What’s Next in Semantic Processing?

The previous two sessions (Introduction to Semantic Processing and Distributional Semantics) comprise of the main module on Semantic Processing. The next two sessions, Topic Modelling and Social Media Opinion Mining  – Semantic Processing Case Study, are an optional part of this course.

The concepts covered in the two optional sessions are explained here briefly. You can study these modules at your own pace. 

Session-3: Topic Modelling

Topic modelling is the task of identifying key ‘topics’ being talked about in the text. 

For example, say you are a product manager at Amazon and want to understand what features (‘topics’) of a recently released product (say Amazon Alexa) customers are talking about in their reviews.
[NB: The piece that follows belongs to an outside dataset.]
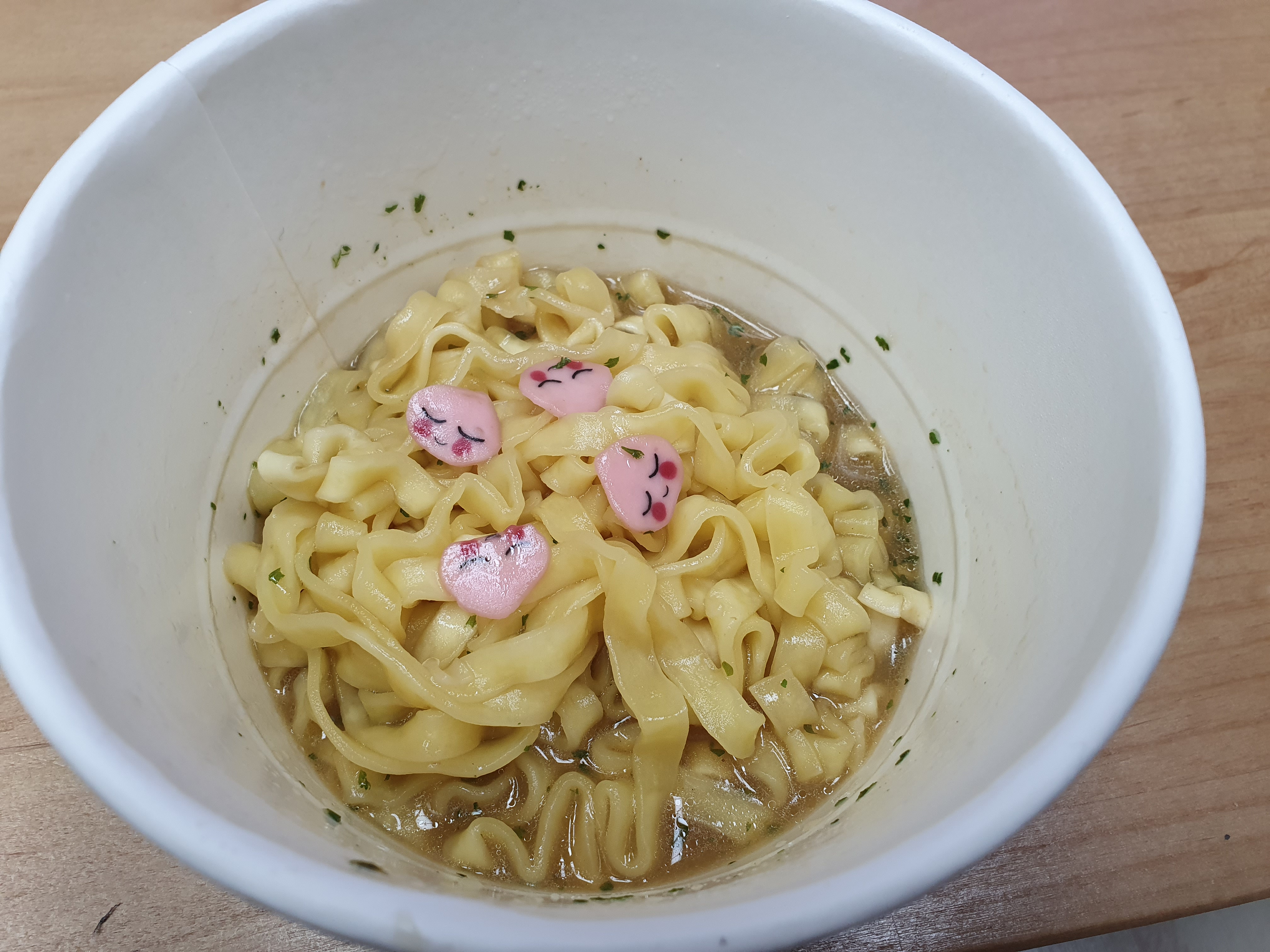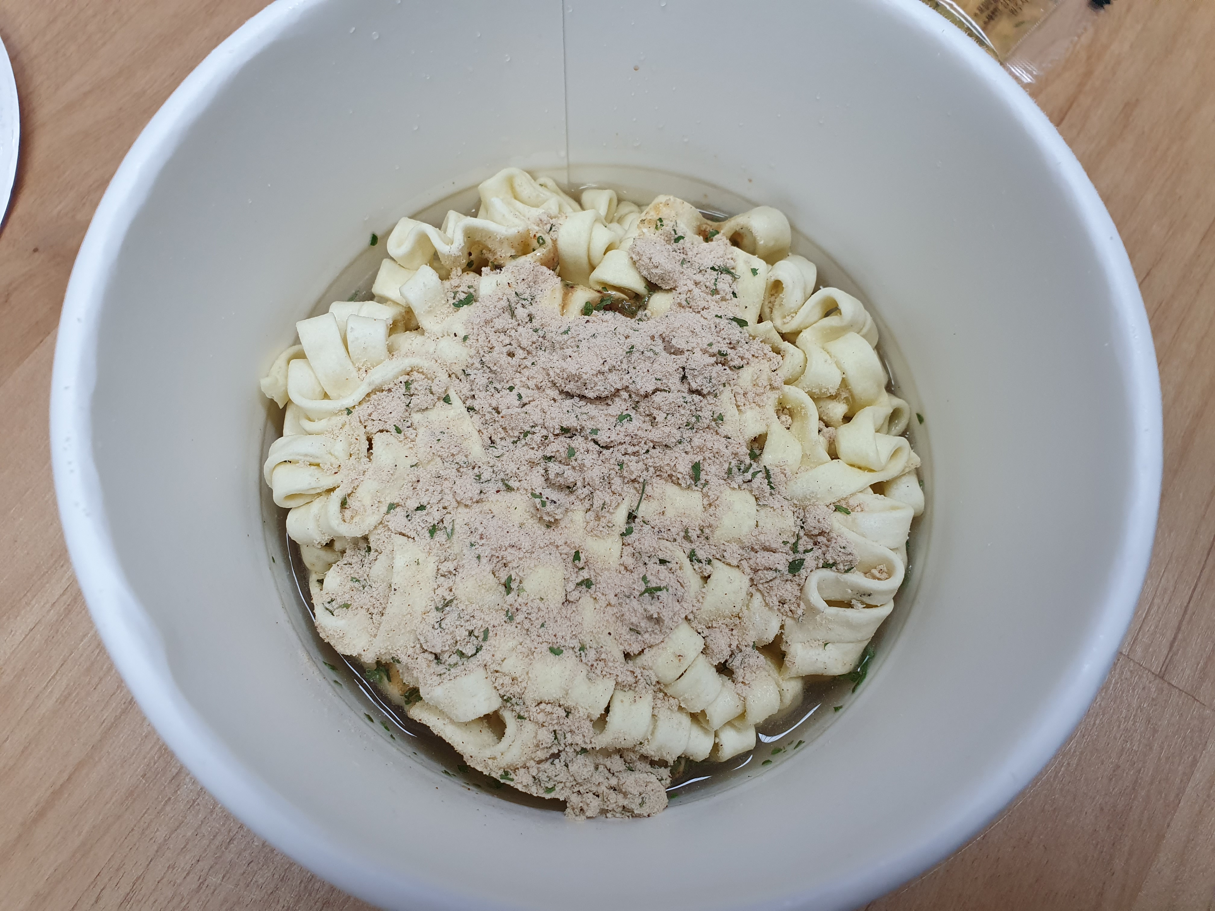 면위에 분말스프를 뿌리고 끓는 물을 표시선까지 붓고, 전자레인지에 3분 30초 돌렸어요~^^

Similarly, say you have a large set of documents (e.g. research papers, news articles, blog posts etc), and you want to identify ‘topics’ contained in each document such as ‘diabetes’, ‘movies’, ‘astronomy’ etc. 

Topic modelling can be applied to a wide variety of text documents such as tweets, books, scientific articles etc. In this session, you will study various models used for topic modelling in detail and learn to build topic models in Python. Specifically, you will learn:

  • Introduction to topic models
  • Probabilistic Latent Semantic Analysis (PLSA)
  • Latent Dirichlet Allocation (LDA)
  • Building Topic Models in Python: Amazon Product Reviews, Demonetisation Tweets

Session-4:
Social Media Opinion Mining  – Semantic Processing Case Study

In this session, you will learn to build a hands-on application to analyse ‘social-media narratives’ using tweets. Social media analysis is one of the fastest growing areas in semantic processing (and NLP in general), with companies wanting to understand users’ opinion of their products, political parties wanting to understand public sentiment etc.

In this session, you will learn to build an application which analyses the various public narratives (or opinions) on a given controversial topic (such as demonetisation). Specifically, the techniques you will use to build the application are:

  • Modelling ‘social cognition’ through narratives and opinions on Twitter
  • Training word vectors using tweets
  • Creating ‘tweet vectors with a sentiment score’ using word vectors
  • Clustering the documents (tweets)  
  • Identifying key ‘entities’ in tweets: Applying POS tagging and chunking to tweets
  • Interpreting results, i.e. public narratives on a topic (e.g. demonetisation)

This project uses multiple concepts you’ve been taught throughout the Natural Language Programming (NLP) course – POS tagging, chunking, word vectors, sentiment etc. You will also see the Zipf’s law (or the power law) in action.